Any drug dealers who had fled Thailand would be arrested if they came back, he said.
``They have to run for the rest of their lives and not come back because we have details about all the important dealers.''
``Do not put the safety of drug dealers above that of police.
``If police do not shoot when they fight, they will die. Do not care about drug dealers or they will sell drugs to your children _ look out,'' the prime minister said.
The Northern Narcotics Control Centre in Chiang Mai said 100 of 300 blacklisted drug gangs in the North had fled the country.
Pitthaya Jinawat, director of the centre, said each group included a network of about 200 small-scale dealers who would be tackled by local police. He and the Mae Hong Son governor would ask the military to crack down on blacklisted drug dealers, most of whom were local leaders and politicians.

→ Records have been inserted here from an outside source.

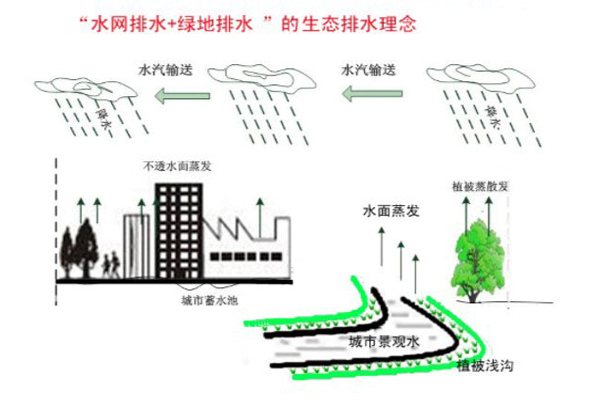提出“水网排水和绿地排水”的生态排水理念;采用了水网、绿地和管网互补的排水模式,充分利用城市水系和绿地进行雨水蓄留或排除,实现节约水资源、营造水系景观的效果。
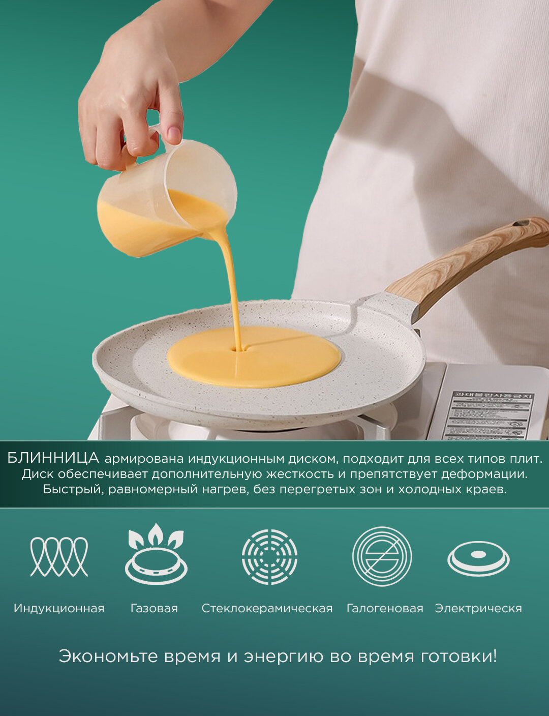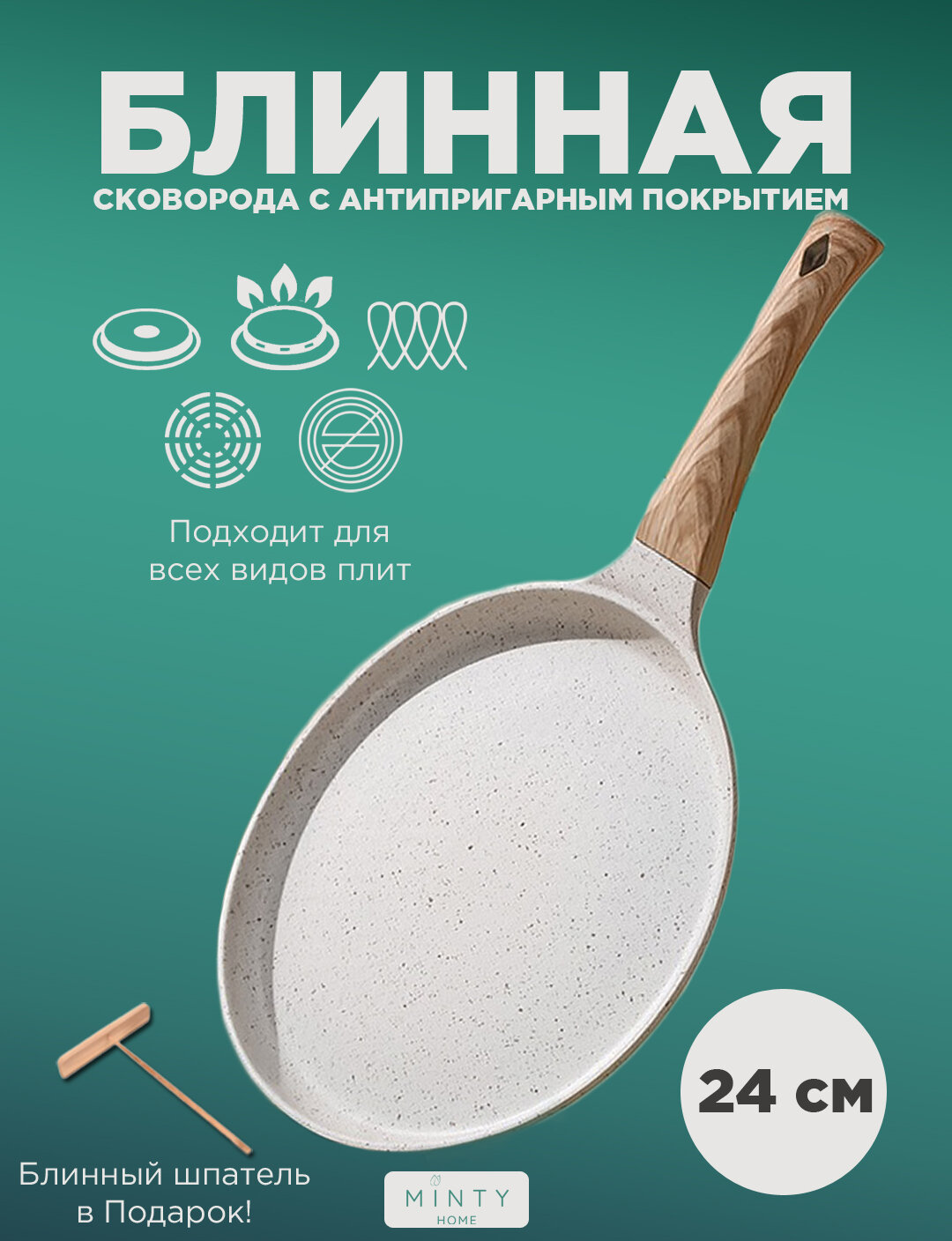 Сковорода для блинов MINTYHOME 24 см. Сковорода блинная антипригарная, мраморное покрытие, блинница, сковородка для индукционной плиты. Светлая интересное:
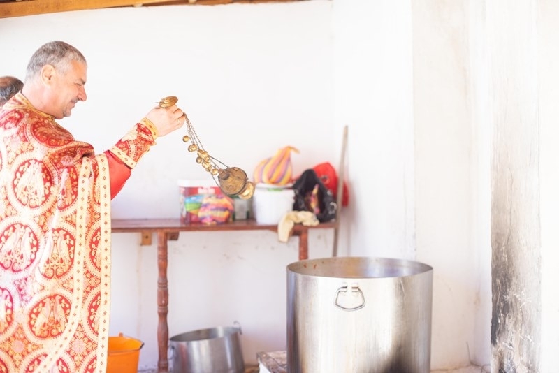По-сетне о. Антон прекади обредните хлябове и овчата курбан чорба, приготвена от майстора готвач Димитър Пунчев от Елисейна, известен в района на Искърското дефиле като Мито Кръчма̀ро. Тази година курбана за здраве на селото дадоха журналистът Борислав Радославов и неговата чаровна спътница в живота Илиана, които бяха довели в храма и своя първороден син - 3-годишния Радослав.
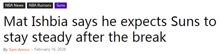 北京时间2月17日,鉴于太阳队目前以理想状态进入全明星间歇期,球队老板马特-伊什比亚在接受采访时表示,球队下半程不追求花哨操作,只需要稳定。

In Chiang Rai's Mae Sai district, a border source said major drug dealers, including several village headmen, had gone into hiding in Burma.
Police spokesman Pol Maj-Gen Pongsaphat Pongcharoen said police yesterday arrested 1,195 drug suspects, 16 of them major drug dealers, and seized 314,535 speed pills.
In the first three days of the crackdown, which started at the weekend, police arrested 2,694 suspects, 80 of them major dealers, and seized 3.4 million methamphetamine pills.
Four suspects were killed in shootouts.